這事情要是輕易翻篇,他要是不讓江易寒脫層皮,以後還怎麼在五中立足?
管峻坐在駕駛座,右手無意識地敲著方向盤,“你知道他的家庭背景嗎?知道他背後有沒有人嗎?”
“他就是外地轉來的!”
“就是外地的,才需要好好查一查。”管峻為自己弟弟的智商感到擔憂,“如果他家不一般,不管是有權還是有錢,那我們都惹不起,你想我為你出氣,別到時候氣沒出,反倒把自己給搭進去,這算是怎麼回事?知己知彼,知道嗎?先去查查他的家庭背景。
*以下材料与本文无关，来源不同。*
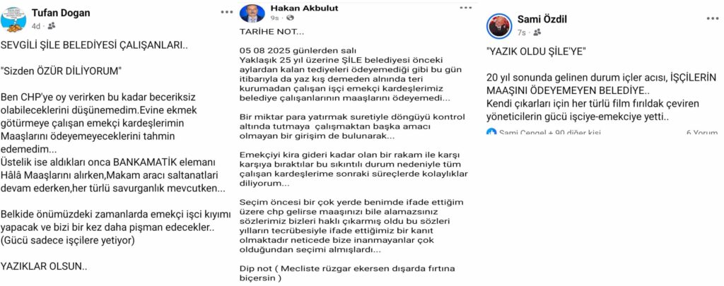 AK Parti Şile Teşkilatı olarak belediye çalışanlarımızın her zaman yanlarında olacağız ve haklarını savunacağız!” açıklamasını yaptı. Ayrıca Şile’de Belediye çalışanlarının yaşadığı maaş sıkıntısı da sosyal medyada gündem oldu.

”
管峰一愣,“然後呢?”
“如果有錢或者有權,那你別想去趟這趟渾水,就當這事沒發生,以後看到人家,是裝作沒看到還是打招呼,那是你自己的事,我不bī你。三十年河東,三十年河西,不是有那麼一句話,君子報仇十年不晚,等哪天你混得比人家好了,你想做甚麼就做甚麼。”
“如果沒錢沒權呢?”
管峻笑了笑,“那就更好辦了。傻弟弟,你以為打他一頓就算出氣了?要想整一個人,就讓他再也起不來。要是沒錢沒權,隨便設計,讓他進看守所,要是蹲個一兩年,那再出來就別想好了,就算不蹲,就是留個案底都夠他受的了。”
管峰心一緊,磕磕巴巴的說道:“這個、就不用了吧。”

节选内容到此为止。